Apr 15, 2013, 04.50 PM | Source: CNBC-TV18
The worst of current account deficit could be past, says Ridham Desai, managing director, Morgan Stanley.
Ridham Desai (more)
MD & Head of India Research, Morgan Stanley | Capital Expertise: Equity - Fundamental
In an interview with CNBC-TV18, he says the market could be under pressure near term, but will recover going forward, led by improving earnings growth a pick up in corporate investments. He does not see any currency risk to the market, and is of the view that global liquidity is in favour of the Indian market at this stage.
Desai is penciling in a 15 percent earnings growth in the broader market, comprising midcaps and small caps.
Desai is bullish on the IT sector, as he feels valuations are attractive. He expects the sector to recover in the second half of the current calendar.

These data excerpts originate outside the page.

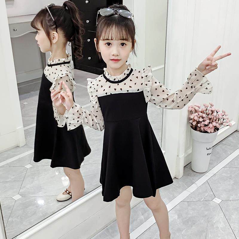 Girl 5-8-9 years old wave dot color A dress 2020 new spring and autumn little girl flared sleeve fairy dress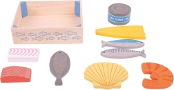 Ta drewniana skrzynka jest pełna świeżych i zdrowych ryb, takich jak łosoś, puszka tuńczyka i krewetka. Świetny dodatek do drewnianej kuchni dla wszystkich małych kucharzy. Bigjigs Toys drewniane jedzenie wspiera angażującą naukę o pochodzeniu i przygotowaniu jedzenia, poprawia motorykę dzieci i jednocześnie bawi.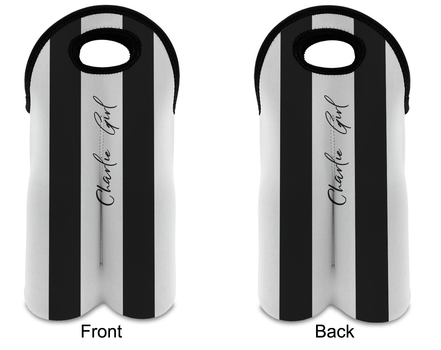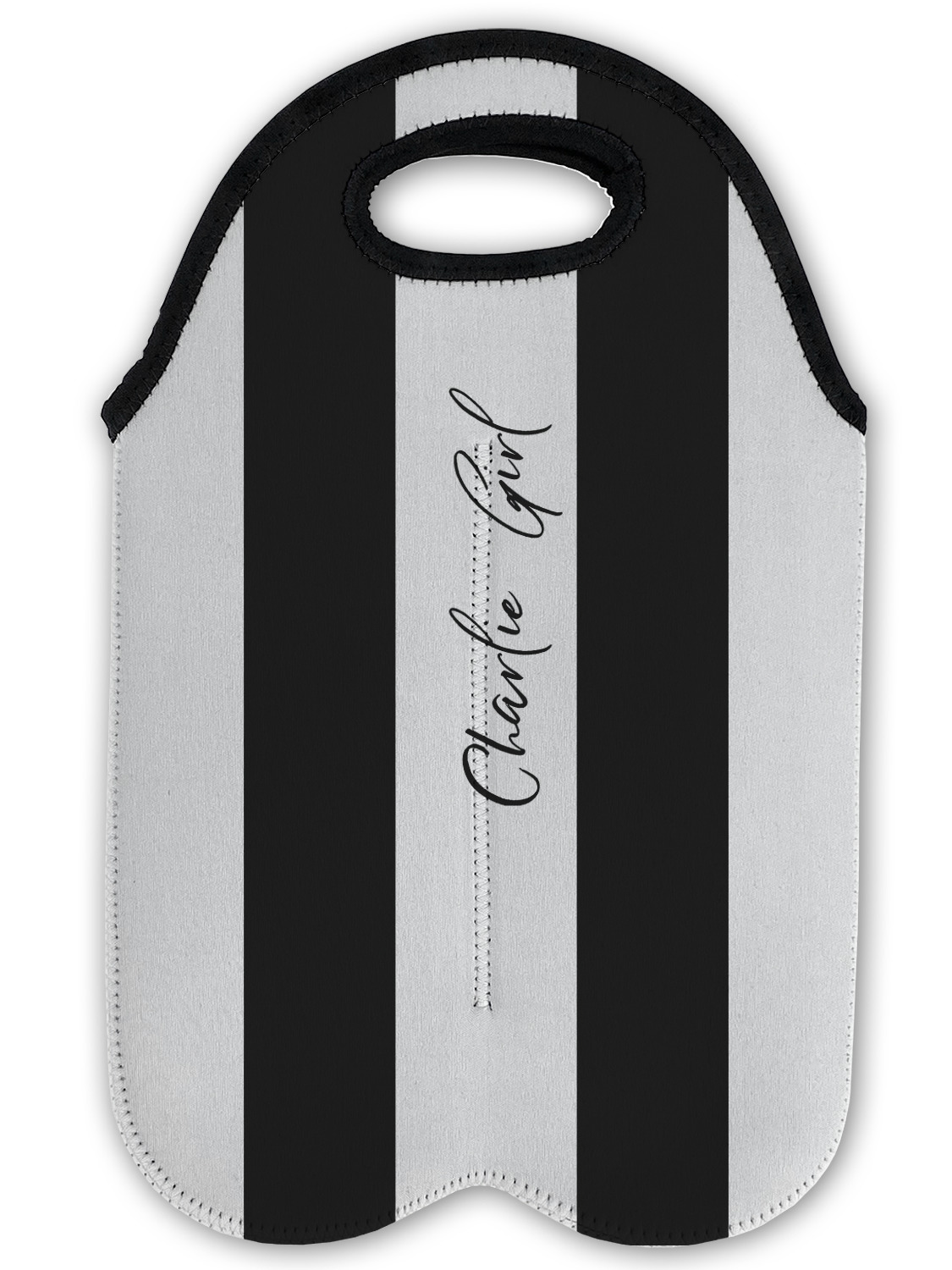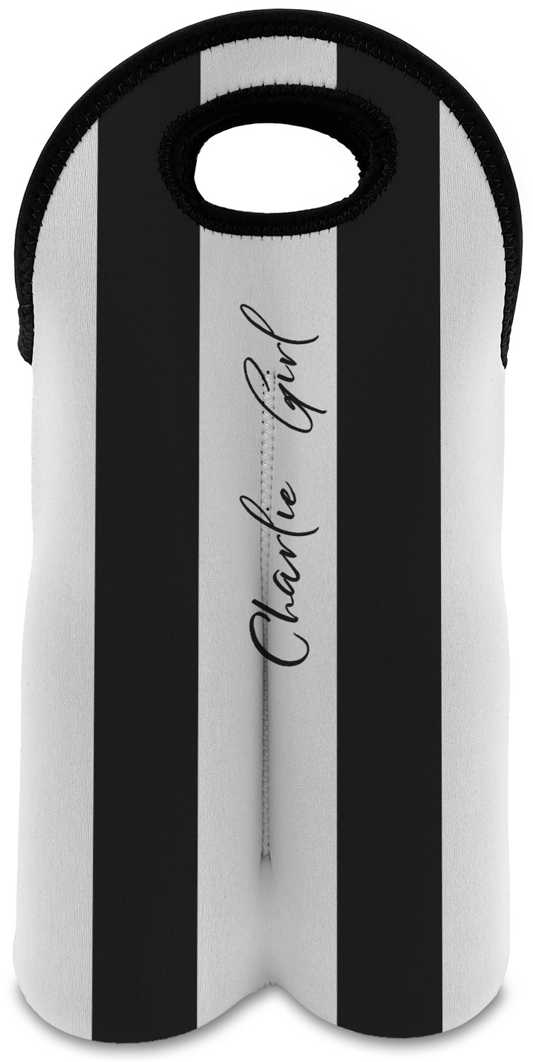 These tote bags are insulated to keep the bottles cold and have a stitched separation down the middle and double handles to keep the two bottles safe and secure during travels.

Other sectors Desai is bullish on include banking and energy (oil). He expects energy companies to surprise on March quarter earnings. Desai is bearish on power utilities and pharmaceutical companies.
Below is the edited transcript of Desai's interview to CNBC-TV18.

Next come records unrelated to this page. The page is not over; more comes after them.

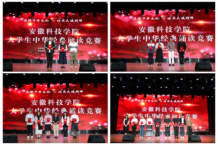 为贯彻《教育部等九部门关于开展第26届全国推广普通话宣传周活动的通知》的文件精神,助力推广普通话,发挥语言文字的浸润、助力作用,激发青年大学生奋斗精神与爱国情怀,9月25日下午,由教务处主办、人文学院承办的YAMEI.COM(中国)有限公司大学生中华经典诵读竞赛决赛在大学生活动中心成功举行。蚌埠市广播电视台主持人吕彪,凤阳县融媒体中心新闻部编辑记者胡松、马克思主义学院教授王凤杰、学生处康佳蓉、人文学院专业课教师曹宋艳担任此次比赛评委。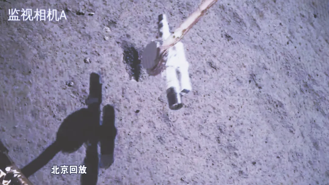 2024年6月4日7时38分,在北京航天飞行控制中心屏幕上拍摄的嫦娥六号取样回放画面。新华社记者 金立旺 摄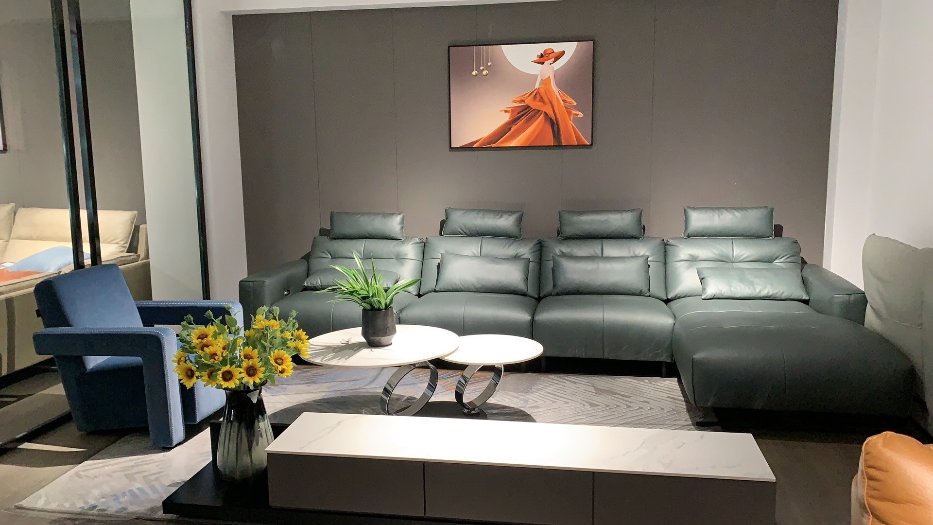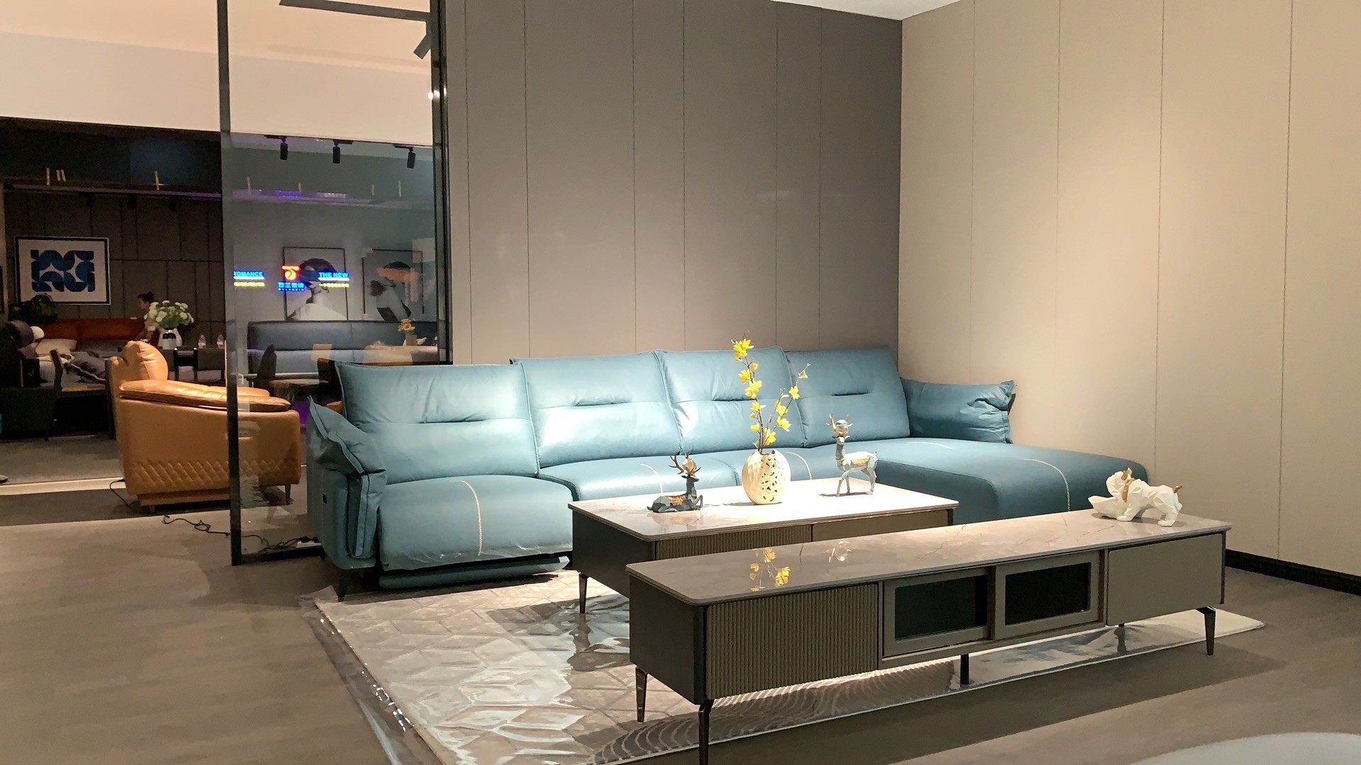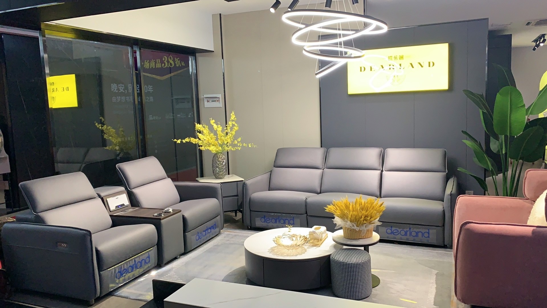 鐘祥門店內(nèi)涵蓋魔法整家2021年功能沙發(fā)、休閑沙發(fā)、軟床、床墊新品,同時(shí)主打產(chǎn)品、每個(gè)空間和場(chǎng)景都相應(yīng)配備有茶幾、餐桌、電視柜等配套家居。全店以整體配套式家居布局?jǐn)[場(chǎng)。

Q: It has been a difficult phase for the market since the start of this year. Are you expecting more downside from here?
A: It could happen in the short-term. However, if I reflect back on the start of the year, we were worried about the level of Foreign Institutional Investor (FII) flows. But the extent of the fall has exceeded my expectations. I would have expected the Nifty to correct 200-300 points at any given point in time, but we are now well into 600-700 points of correction. So, the downside has certainly exceeded my expectations. We did have the risk of FII flows being too high, i.e. FIIs were over-owning this market. The leading indicators that we track for equity markets are all pointing for positive returns from equities. So, not withstanding some short-term volatility, it does look like we are back to very attractive levels and the risk reward ratio is firmly in favour of equities.
Q: How do you approach IT now in the light of what you have heard from Infosys ? What would you include in your model portfolio?
A: We are marginally overweight technology and we will continue to be that way. The valuations look attractive. I do not think the environment is that bad. We may go through a soft spot in global growth this quarter, but things are looking up in the second half. So, growth in the world will be a little better. IT is not such a bad space to be in for the rest of this year.
Q: Morgan Stanley is perhaps the only brokerage that has a Rs 185 EPS for FY14 on Infosys. That is very different from what other people are talking about-Rs 160-165. How do you justify it?
A: I will not get into the specific forecast on a particular company, but as a general theme, we see that there is a fair bit of operating leverage in the IT space. The bench rates are high which means that if there is a little bit of a growth in revenues, it can lead to an outsized growth in profits.